## [WHAT YOU ARE ASKED TO DO]
After finding the line containing "Ein Mann, eine" below, please output that line and each following one through the line containing "Seputarperak.com- Upacara purna", exactly as written.

## [THE INPUT]
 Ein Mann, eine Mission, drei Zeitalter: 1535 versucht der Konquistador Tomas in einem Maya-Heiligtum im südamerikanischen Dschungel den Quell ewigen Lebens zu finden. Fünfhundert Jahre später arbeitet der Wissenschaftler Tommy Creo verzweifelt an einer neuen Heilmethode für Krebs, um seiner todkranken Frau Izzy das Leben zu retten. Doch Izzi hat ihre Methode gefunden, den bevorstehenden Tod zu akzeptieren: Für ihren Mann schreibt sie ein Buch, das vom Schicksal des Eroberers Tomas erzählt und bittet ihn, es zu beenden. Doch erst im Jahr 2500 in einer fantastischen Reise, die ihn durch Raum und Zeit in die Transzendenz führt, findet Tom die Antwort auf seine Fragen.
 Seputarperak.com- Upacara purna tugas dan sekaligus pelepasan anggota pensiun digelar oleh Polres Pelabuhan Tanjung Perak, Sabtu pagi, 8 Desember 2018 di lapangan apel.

---

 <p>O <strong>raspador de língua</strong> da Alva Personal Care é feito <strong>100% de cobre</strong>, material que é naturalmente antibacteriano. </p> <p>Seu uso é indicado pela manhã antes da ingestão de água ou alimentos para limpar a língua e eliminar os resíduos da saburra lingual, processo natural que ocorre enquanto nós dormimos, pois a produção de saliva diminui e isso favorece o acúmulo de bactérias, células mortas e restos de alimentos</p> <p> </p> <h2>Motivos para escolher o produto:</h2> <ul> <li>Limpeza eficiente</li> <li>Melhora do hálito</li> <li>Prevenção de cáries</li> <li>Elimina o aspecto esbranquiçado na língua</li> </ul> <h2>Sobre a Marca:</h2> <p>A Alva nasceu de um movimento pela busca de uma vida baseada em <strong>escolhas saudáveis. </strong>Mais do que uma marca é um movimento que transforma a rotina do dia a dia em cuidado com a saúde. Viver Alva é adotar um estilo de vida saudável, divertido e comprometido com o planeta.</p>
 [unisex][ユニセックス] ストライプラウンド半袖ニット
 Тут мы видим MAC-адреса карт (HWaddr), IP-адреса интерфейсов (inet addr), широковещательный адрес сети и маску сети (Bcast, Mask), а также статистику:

## [WRITTEN SOLUTION]
 Ein Mann, eine Mission, drei Zeitalter: 1535 versucht der Konquistador Tomas in einem Maya-Heiligtum im südamerikanischen Dschungel den Quell ewigen Lebens zu finden. Fünfhundert Jahre später arbeitet der Wissenschaftler Tommy Creo verzweifelt an einer neuen Heilmethode für Krebs, um seiner todkranken Frau Izzy das Leben zu retten. Doch Izzi hat ihre Methode gefunden, den bevorstehenden Tod zu akzeptieren: Für ihren Mann schreibt sie ein Buch, das vom Schicksal des Eroberers Tomas erzählt und bittet ihn, es zu beenden. Doch erst im Jahr 2500 in einer fantastischen Reise, die ihn durch Raum und Zeit in die Transzendenz führt, findet Tom die Antwort auf seine Fragen.
 Seputarperak.com- Upacara purna tugas dan sekaligus pelepasan anggota pensiun digelar oleh Polres Pelabuhan Tanjung Perak, Sabtu pagi, 8 Desember 2018 di lapangan apel.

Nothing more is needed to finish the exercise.